My plan is to have two groups of students to study for a test with and without the aid of the 3D printed heart model respectively. Their test score will be recorded and processed into a graph to be compared.
Another test will be held in six weeks on the same batch of students and scores will be recorded, processed and compared to their previous test scores. The goal is to check whether the 3d heart model will help students to remember what they have learnt.
My question is what type of graphs would be most suitable to analyse these results?"
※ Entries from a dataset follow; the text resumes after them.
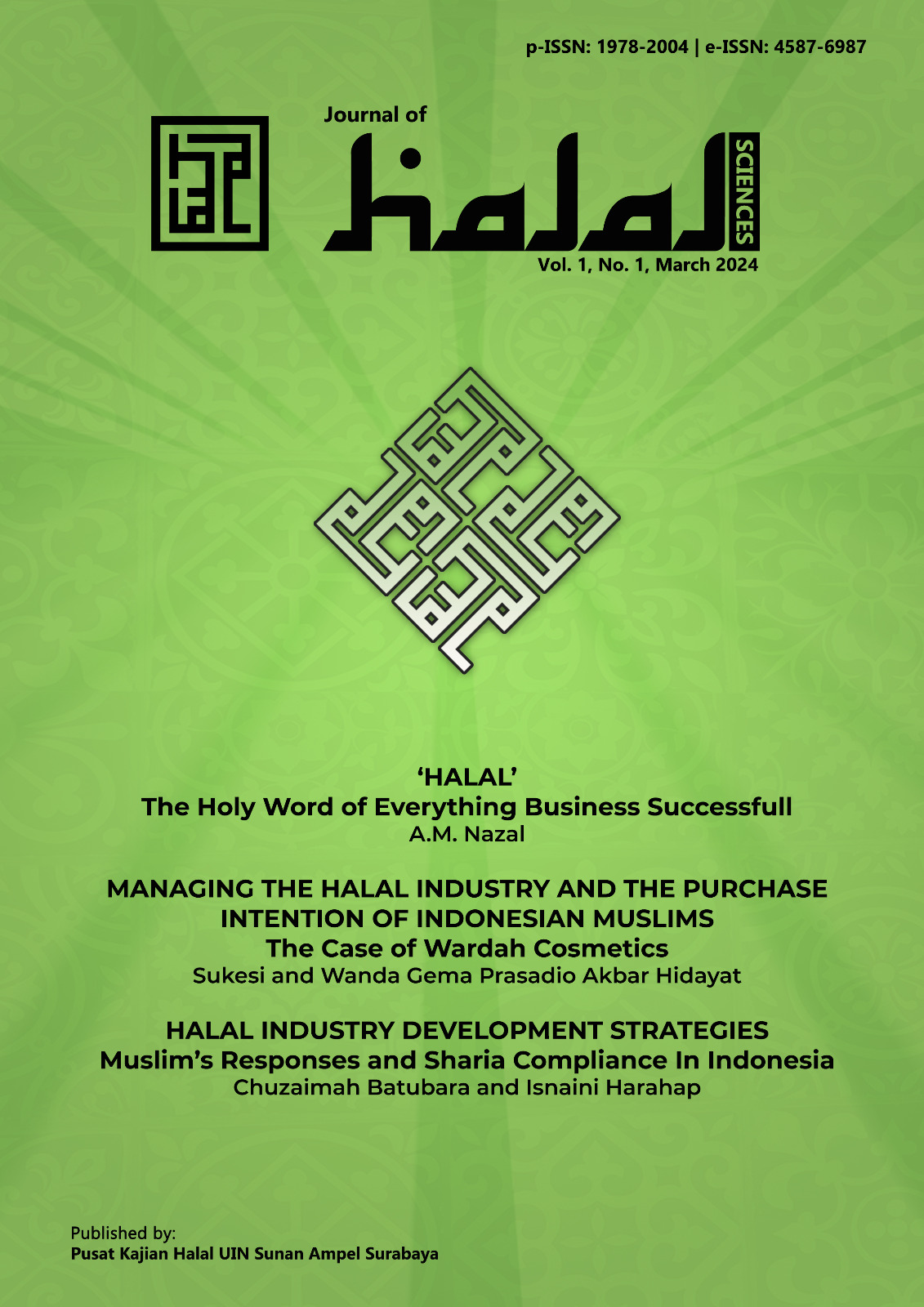Journal of Halal Sciences (e-ISSN 3064-4593 and p-ISSN 3064-3988) is a multi-disciplinary publication dedicated to scholarly study on halal as a cross cutting issue. Particular attention is paid to attitudes and practices of Muslims on halal issues, halal products (food, cosmetics, fashion and arts), halal services (medicine, tourism, education, and lifestyle), halal sciences and other cross cutting issues related to halal. The journal tries to locate the halal issues as the main attention of academic inquiry and to endorse comprehensive studies. In addition, the journal also promotes conversation and discussion of halal cross cutting issues. Thus, the journal invites researchers, academics, scientists, policy makers, and practitioners from all over the world to exchange thoughts and insights and to disseminate ideas, research findings, practices and experiences on the issue. The journal will be published twice in a year, every March and September. It is published by Halal Center of UIN Sunan Ampel Surabaya.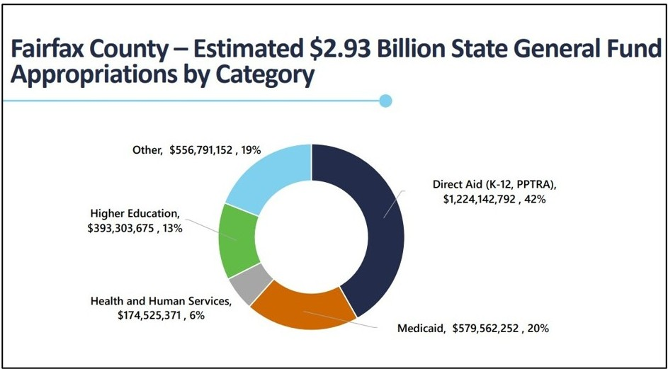 - Total state general fund appropriations benefiting Fairfax County amounted to $2.93 billion. That’s just 11.1 percent of statewide general fund spending. That includes direct aid (such as funds for K-12 schools and personal property tax relief) and indirect aid (such as Medicaid, public health, social services, and higher education).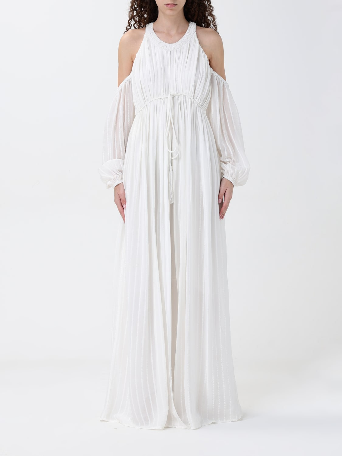 DESCRIPTION - Style: Casual - Model: Pleated - Neckline: Halter neck - Waist: With drawstrings - Bottom: With straight hemline - Length: Long dresses - Occasion: Ceremony and cocktail dresses, Evening and party dresses - Sleeves: Off-the-shoulder dresses - Materials: Viscose - Pattern: Plain-colored DETAILS AND CARE Composition 100% viscose SIZE AND FIT Sizes not available Size and fit Regular fit Designer code: 104848A2GY Z05 Giglio Code: G79172 Designer: Pinko Collection: Pinko Woman Category: Clothing Pinko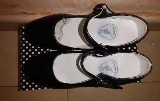 Zapatos de flamenco para niña en color negro. Han sido usados una sola vez. - Cierre con hebilla. - Tacón bajo.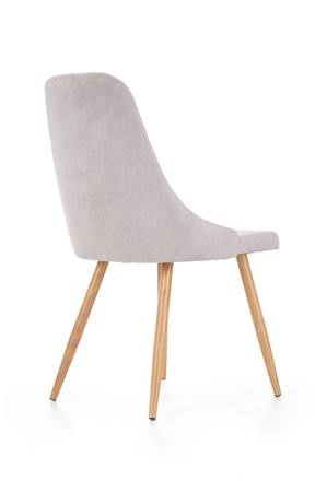 Elegantní jídelní židle v oblíbeném retro stylu je čalouněná světle šedou tkaninou, opěrka je prošívaná. Nohy z lakované oceli celkově dotváří velice příjemný design. Židle se hodí do domácností, ale také restaurací, penzionů, čekáren apod. Maximální nosnost 120 kg. Zboží je dodáváno v demontu.

I’ll assume that we’re comparing 2 different classes of equal size for this problem. I’ll also assume that any other potentially impactful variables of each student (e.g. sex, aptitude, temperament, etc.) are equally distributed between each class. I’ll say that you’ve got 25 students per class.
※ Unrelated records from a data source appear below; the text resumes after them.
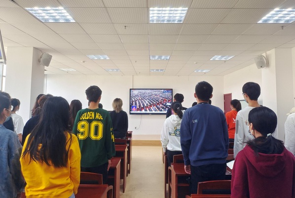 上午10时,中国共产党第二十次全国代表大会在北京人民大会堂开幕。跟随直播,全体同学庄严合唱国歌,并以崇敬的心情向已故老一辈无产阶级革命家与先烈们默哀。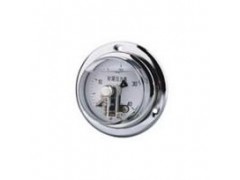 當(dāng)被測介質(zhì)的壓力作用于膜盒時(shí),其自由端產(chǎn)生相應(yīng)彈性變形—位移,經(jīng)拔桿帶動(dòng)傳動(dòng)機(jī)構(gòu)放大,由指示裝置將被測壓力在儀表度盤上指示出來。同時(shí)指針帶動(dòng)電接頭裝置的活動(dòng)觸點(diǎn)與設(shè)定指針上的觸頭(上限或下限)相接觸的瞬時(shí),致使控制系統(tǒng)接通或斷開電路,以達(dá)到自動(dòng)控制和發(fā)信報(bào)警的目的。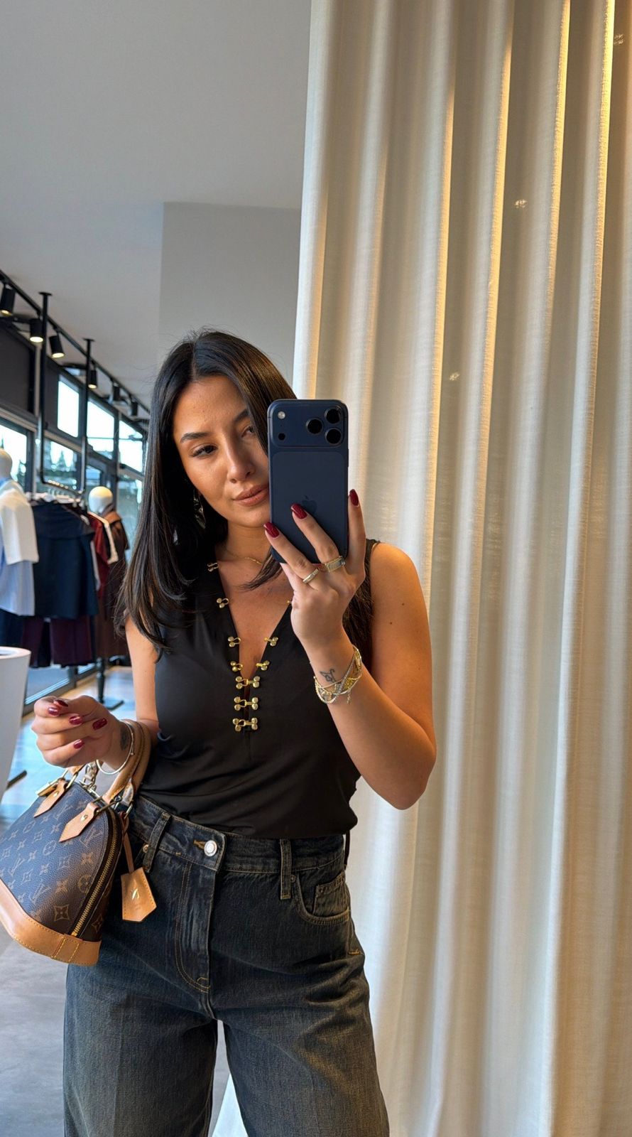 Black Sleeveless Top With Gold Button Detail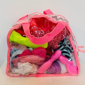 Pink and grey clear bag filled with extra doll clothes, shoes, and play accessories (variety of items — see photos)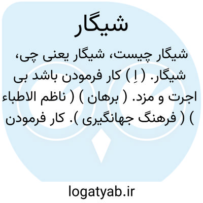 شیگار. ( اِ ) کار فرمودن باشد بی اجرت و مزد. ( برهان ) ( ناظم الاطباء ) ( فرهنگ جهانگیری ). کار فرمودن بی اجرت و مزد باشد، و این اصلی نیست بلکه یاء ممال الف است که همان شاگار است. ( آنندراج ).

To note, the suggestion by user standard_error to use block randomization is a very good suggestion. I.e., this prevents all students in class A having the model while all students in class B lack the model. This entire class separation introduces method bias into your set-up that could only be alleviated by repeating this experiment over multiple semesters/years and randomizing which class is A or B. For the purposes of this demonstration, I’m going to assume that block randomization is not feasible (i.e. students would notice if half of their classmates have a model that they don’t get to use). If this is feasible, feel free to reach back out to me, and I can rewrite this script to account for that
df <- data.frame(student_id = c(1:50), #An arbitrary id variable that uniquely identifies each student
heart_model = c(rep("yes", 25), rep("no", 25)), #This variable designates the heart model and essentially designates class A vs. class B
test1_scores = c(rnorm(25, 85, 15), #I'm assuming that heart+ students will have a mean test score of 85 with standard deviation (sd) of 15
rnorm(25, 70, 15)) #I'm assuming that hear- students will have a mean test score of 70 with the same sd
df_cor <- df %>%
mutate(test1_scores = sapply(df$test1_scores, function(x)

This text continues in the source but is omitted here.